• **EXERCISE DIRECTIONS**:
Could you retype exactly the lines below between the one holding "中午媳妇给我炒了个鸡蛋,自己再搞快牛肉。完美。" and the one holding "頻率隔離傳感器/變送器是指被", inclusive, leaving out any pictures?

• **INFORMATION SUPPLIED**:
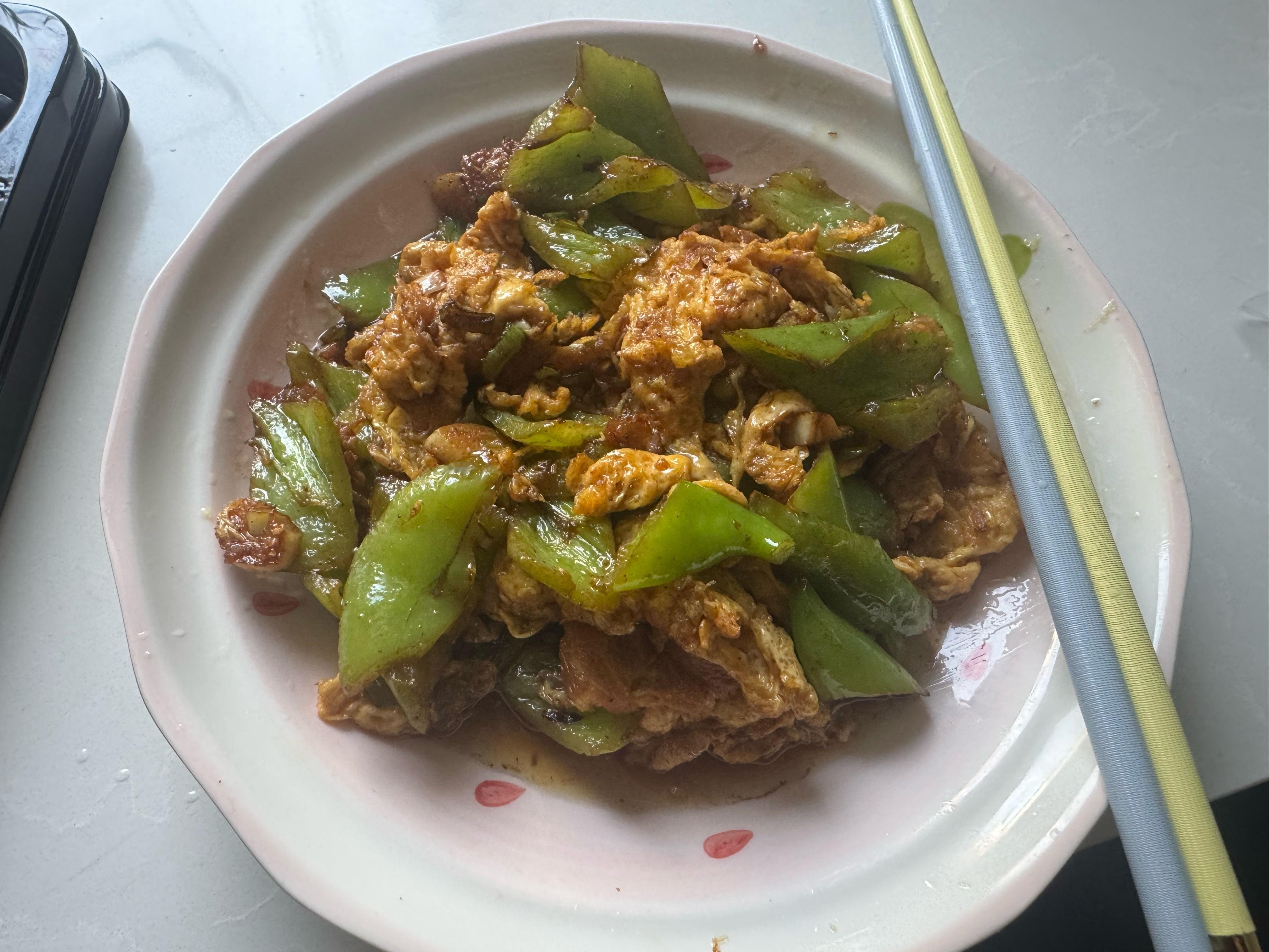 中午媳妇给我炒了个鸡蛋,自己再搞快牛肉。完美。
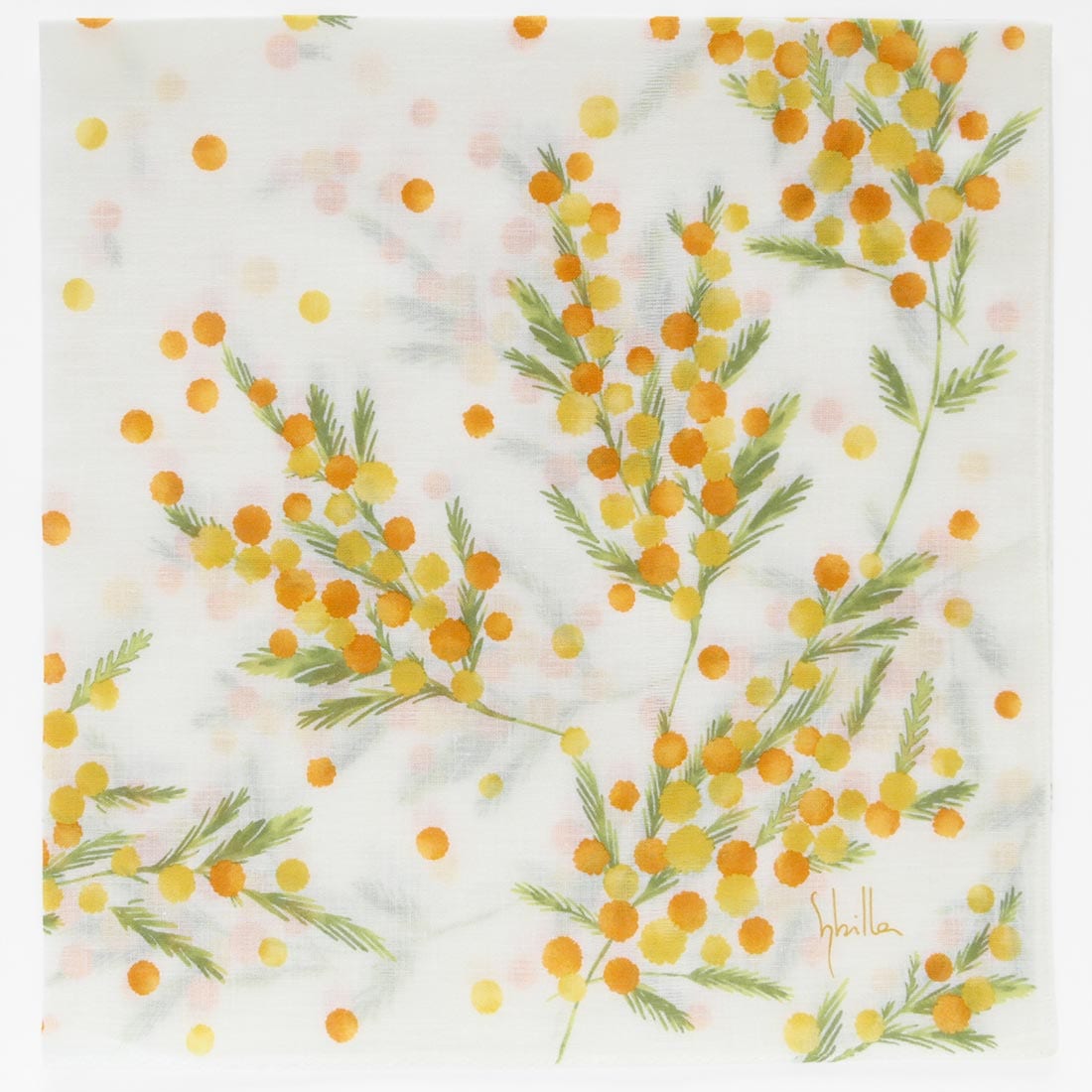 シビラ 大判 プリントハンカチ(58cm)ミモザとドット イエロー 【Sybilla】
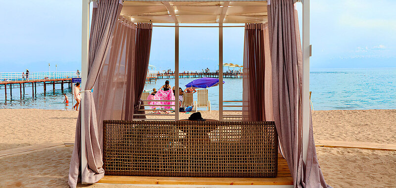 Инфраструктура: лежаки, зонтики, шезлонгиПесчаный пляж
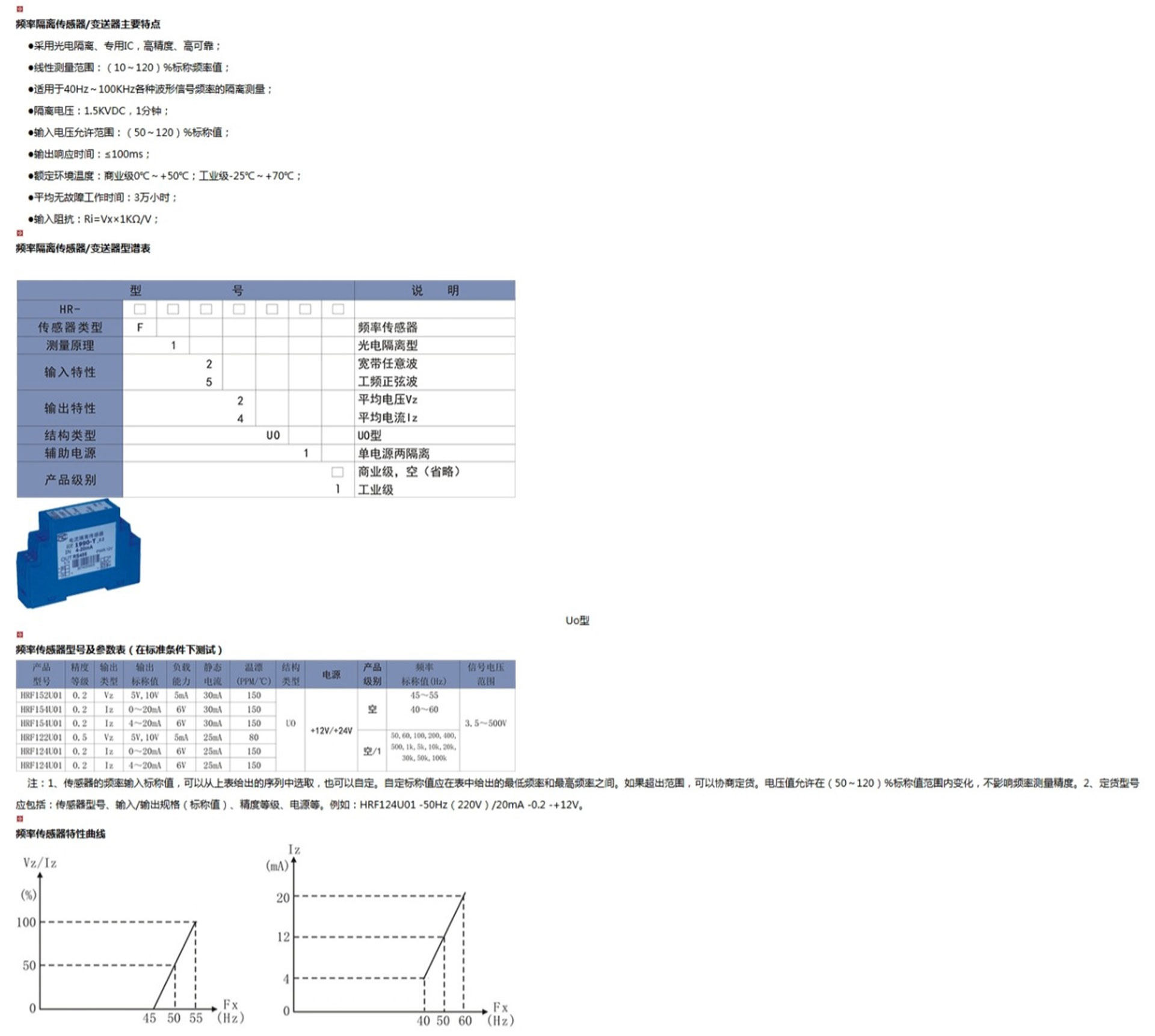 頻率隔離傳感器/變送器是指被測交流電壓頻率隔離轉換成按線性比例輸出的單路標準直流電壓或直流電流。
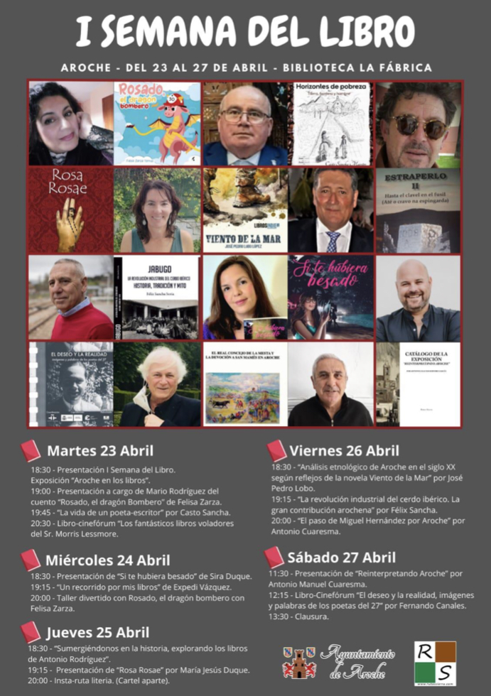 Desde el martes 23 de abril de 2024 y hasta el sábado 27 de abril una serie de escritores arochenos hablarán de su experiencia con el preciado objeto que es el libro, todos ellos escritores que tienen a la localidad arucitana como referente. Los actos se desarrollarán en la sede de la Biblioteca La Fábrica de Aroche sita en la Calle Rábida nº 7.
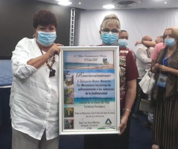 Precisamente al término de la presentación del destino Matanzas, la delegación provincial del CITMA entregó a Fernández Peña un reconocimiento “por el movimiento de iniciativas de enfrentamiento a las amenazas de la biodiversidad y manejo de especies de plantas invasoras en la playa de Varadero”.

==

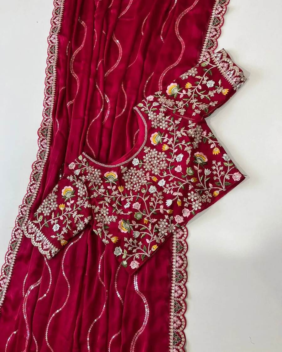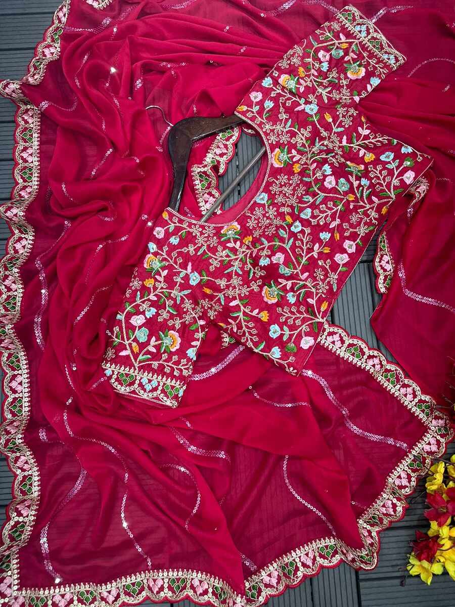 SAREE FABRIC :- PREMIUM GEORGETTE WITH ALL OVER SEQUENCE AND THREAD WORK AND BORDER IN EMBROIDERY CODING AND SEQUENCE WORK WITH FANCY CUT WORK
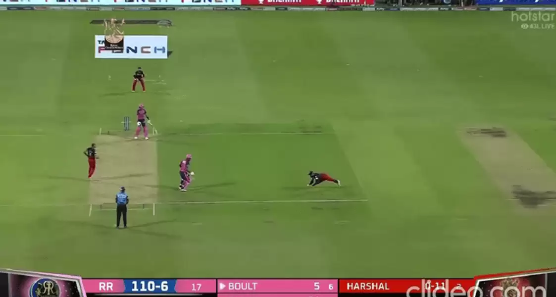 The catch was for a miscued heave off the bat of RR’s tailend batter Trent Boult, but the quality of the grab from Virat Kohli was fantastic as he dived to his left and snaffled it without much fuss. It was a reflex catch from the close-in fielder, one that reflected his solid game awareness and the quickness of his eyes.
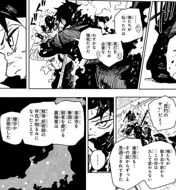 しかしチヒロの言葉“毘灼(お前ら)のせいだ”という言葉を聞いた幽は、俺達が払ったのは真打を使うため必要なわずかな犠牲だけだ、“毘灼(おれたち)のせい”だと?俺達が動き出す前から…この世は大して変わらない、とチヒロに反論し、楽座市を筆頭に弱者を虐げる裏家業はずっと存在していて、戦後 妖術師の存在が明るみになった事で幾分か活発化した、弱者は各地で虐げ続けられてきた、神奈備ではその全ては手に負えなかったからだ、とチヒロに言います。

...

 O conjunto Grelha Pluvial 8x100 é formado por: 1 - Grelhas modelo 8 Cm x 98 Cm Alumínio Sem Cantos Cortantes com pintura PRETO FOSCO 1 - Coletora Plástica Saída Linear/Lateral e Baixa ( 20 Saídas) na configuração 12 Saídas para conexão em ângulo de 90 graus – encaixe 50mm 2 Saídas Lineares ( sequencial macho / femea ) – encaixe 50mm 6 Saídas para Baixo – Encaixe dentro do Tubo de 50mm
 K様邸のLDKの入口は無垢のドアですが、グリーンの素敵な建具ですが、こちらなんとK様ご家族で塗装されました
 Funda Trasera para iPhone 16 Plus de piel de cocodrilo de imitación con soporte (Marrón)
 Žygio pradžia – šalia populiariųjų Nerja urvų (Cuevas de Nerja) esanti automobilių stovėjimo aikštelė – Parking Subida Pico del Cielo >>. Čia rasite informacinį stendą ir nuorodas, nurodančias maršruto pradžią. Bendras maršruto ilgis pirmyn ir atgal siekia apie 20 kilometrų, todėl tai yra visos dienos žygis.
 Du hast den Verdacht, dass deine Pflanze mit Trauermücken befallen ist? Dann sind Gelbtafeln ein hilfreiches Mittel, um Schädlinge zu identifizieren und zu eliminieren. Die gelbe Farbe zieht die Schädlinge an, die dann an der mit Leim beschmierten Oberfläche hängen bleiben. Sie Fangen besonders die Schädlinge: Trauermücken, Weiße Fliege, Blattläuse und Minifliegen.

• **TASK SOLUTION**:
 中午媳妇给我炒了个鸡蛋,自己再搞快牛肉。完美。
 シビラ 大判 プリントハンカチ(58cm)ミモザとドット イエロー 【Sybilla】
 Инфраструктура: лежаки, зонтики, шезлонгиПесчаный пляж
 頻率隔離傳感器/變送器是指被測交流電壓頻率隔離轉換成按線性比例輸出的單路標準直流電壓或直流電流。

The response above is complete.